Available data: Begin

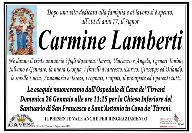 Le esequie muoveranno dall’Ospedale di Cava de’ Tirreni domani, domenica 26 gennaio, alle ore 11,15, per la Chiesa Inferiore del Santuario di San Francesco e Sant’Antonio in Cava de’ Tirreni.
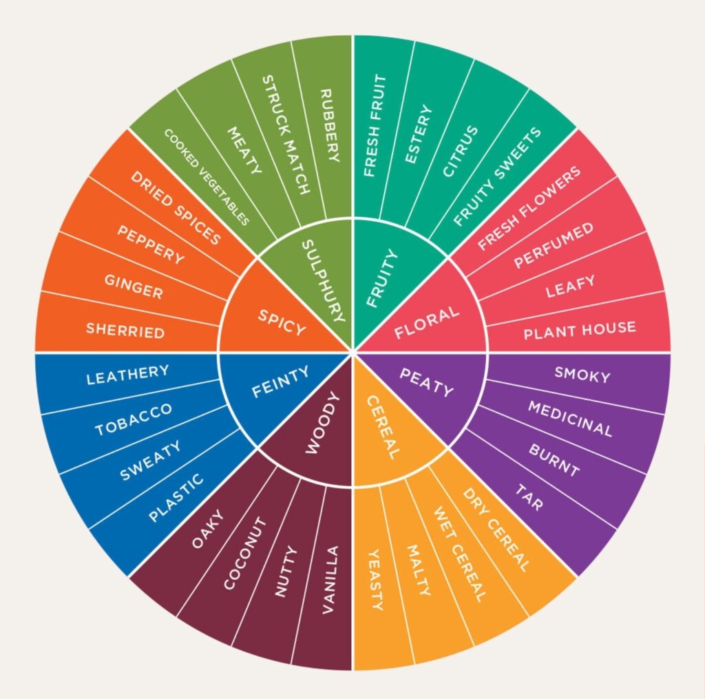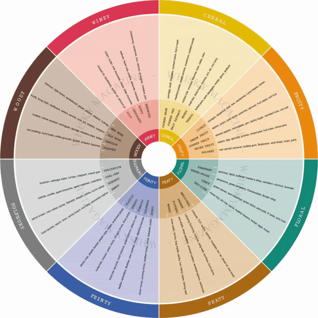A neves whisky szakíró saját tapasztalatai alapján alkotta meg az ízkereket.
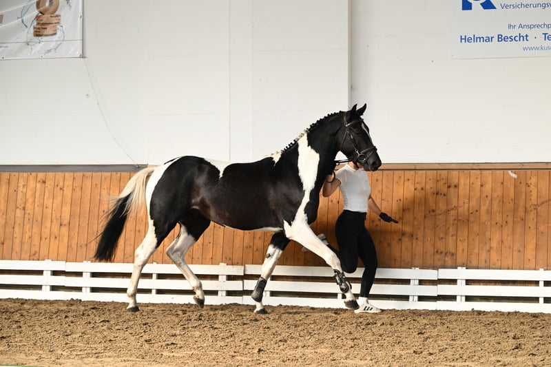 Ce puissant et compact cheval de type pie noir convainc par sa taille encore de 1,62 m et se présente comme un véritable cheval de sport avec un bel avenir. Agé de 3 ans, il provient directement du naisseur et séduit par sa clarté d’esprit, sa volonté de performer et son caractère équilibré. En daily handling, il se montre parfaitement docile, proche de l’homme et facile à vivre. Sous la selle, il travaille déjà en toute sécurité au pas, au trot et au galop, et impressionne par sa souplesse, son relâchement et son attitude de travail très agréable. Doté de bonnes allures de base, d’un joli saut et d’une forte volonté de coopérer, il possède toutes les qualités pour une carrière sportive polyvalente – que ce soit en saut d’obstacles, en dressage ou en extérieur. Un jeune étalon sincère, doté de cœur, de talent et de perspectives – prêt à démarrer avec son futur cavalier vers de nouveaux horizons. 💫 À céder directement du naisseur à des mains bienveillantes.

Available data: End

- _What is being asked_: Please set down the whole listing exactly, apart from the pictures.

- _Exercise solution_:
 Le esequie muoveranno dall’Ospedale di Cava de’ Tirreni domani, domenica 26 gennaio, alle ore 11,15, per la Chiesa Inferiore del Santuario di San Francesco e Sant’Antonio in Cava de’ Tirreni.
A neves whisky szakíró saját tapasztalatai alapján alkotta meg az ízkereket.
 Ce puissant et compact cheval de type pie noir convainc par sa taille encore de 1,62 m et se présente comme un véritable cheval de sport avec un bel avenir. Agé de 3 ans, il provient directement du naisseur et séduit par sa clarté d’esprit, sa volonté de performer et son caractère équilibré. En daily handling, il se montre parfaitement docile, proche de l’homme et facile à vivre. Sous la selle, il travaille déjà en toute sécurité au pas, au trot et au galop, et impressionne par sa souplesse, son relâchement et son attitude de travail très agréable. Doté de bonnes allures de base, d’un joli saut et d’une forte volonté de coopérer, il possède toutes les qualités pour une carrière sportive polyvalente – que ce soit en saut d’obstacles, en dressage ou en extérieur. Un jeune étalon sincère, doté de cœur, de talent et de perspectives – prêt à démarrer avec son futur cavalier vers de nouveaux horizons. 💫 À céder directement du naisseur à des mains bienveillantes.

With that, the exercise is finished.